If you take a look at the result of valeur <= 0.6, you can see what's causing this ambiguity:

如果您查看 的结果valeur <= 0.6，您可以看到造成这种歧义的原因：

>>> valeur <= 0.6
array([ True, False, False, False], dtype=bool)

So the result is another array that has in this case 4 boolean values. Now what should the result be? Should the condition be true when one value is true? Should the condition be true only when all values are true?

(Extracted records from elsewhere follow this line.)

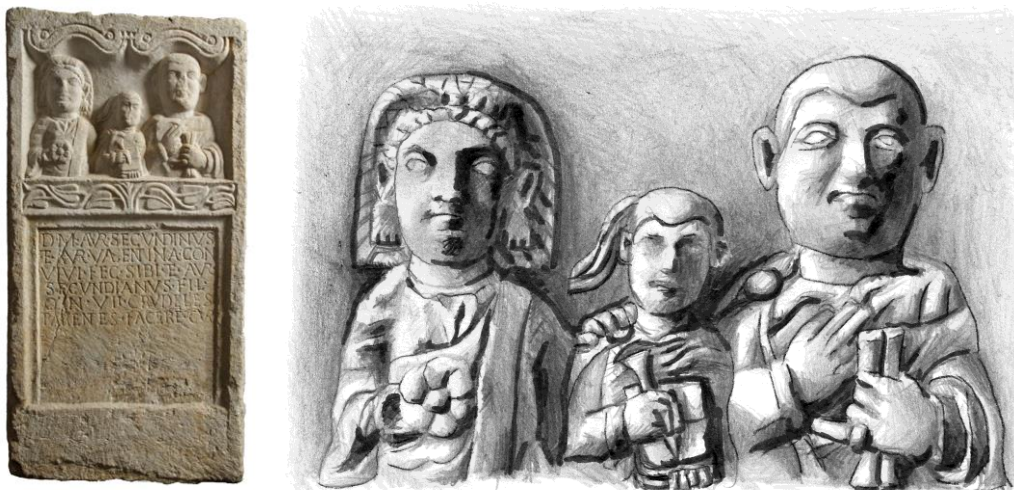
1. kép: Sírkő Celeiából, a fiú kezében stylus és polyptychon , az apa kezében kétkolumnás zárt tekercs, Celje - Pokrajinski Muzej (Inv. Nr: L 82), (rajz: Agócs N.)

sírdomborművön, amelyen egy fiatal fiú kezében stylus és polyptychon látható, a gyermek iskoláztatására utalnak a kézben tartott tárgyak (1. kép). 17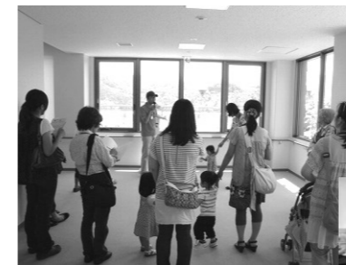
国崎クリーンセンターを見学中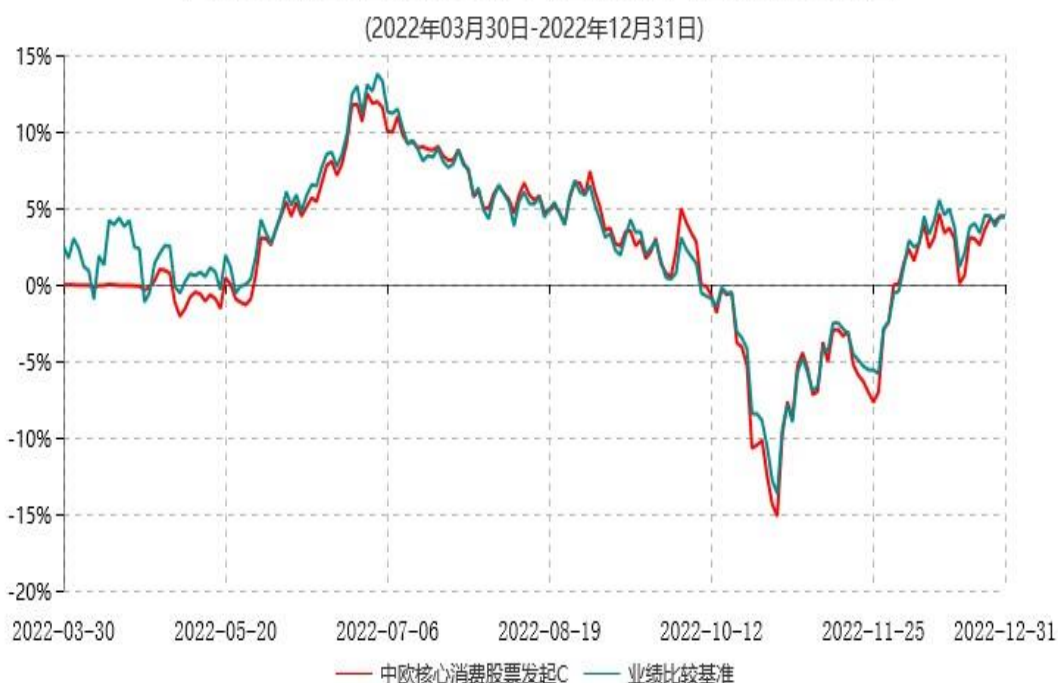
中欧核心消费股票发起C累计净值增长率与业绩比较基准收益率历史走势对比图

注：本基金基金合同生效日期为2022年3月30日，自基金合同生效日起到本报告期末不满一年，按基金合同的规定，本基金自基金合同生效起六个月为建仓期，建仓期结束时各项资产配置比例已符合基金合同约定。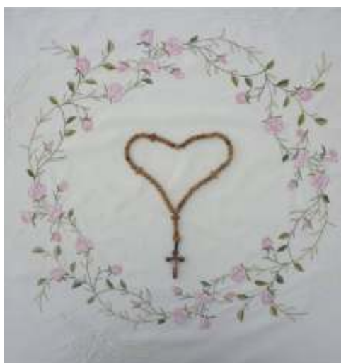
Rozenkrans uit Bethlehem

(Gertrude Stein, in Secret Emily , 1913)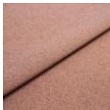
Rock CS 81 Soft pink 1028481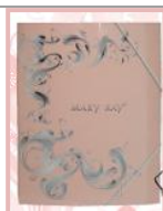
Папка для бумаг

所以结果是另一个数组，在这种情况下有 4 个布尔值。现在结果应该是什么？当一个值为真时，条件是否应该为真？只有当所有值都为真时，条件才应该为真吗？

That's exactly what numpy.anyand numpy.alldo. The former requires at least one true value, the latter requires that all values are true:

这正是numpy.any和numpy.all做的。前者要求至少有一个真值，后者要求所有值都为真：

>>> np.any(valeur <= 0.6)
True
>>> np.all(valeur <= 0.6)
False

You comment:

你评论：

valeur is a vector equal to [ 0. 1. 2. 3.] I am interested in each single term. For the part below 0.6, then return "this works"....

valeur 是一个等于 [ 0. 1. 2. 3.] 的向量，我对每一项都感兴趣。对于低于 0.6 的部分，则返回“this works”....

If you are interested in each term, then write the code so it deals with each. For example.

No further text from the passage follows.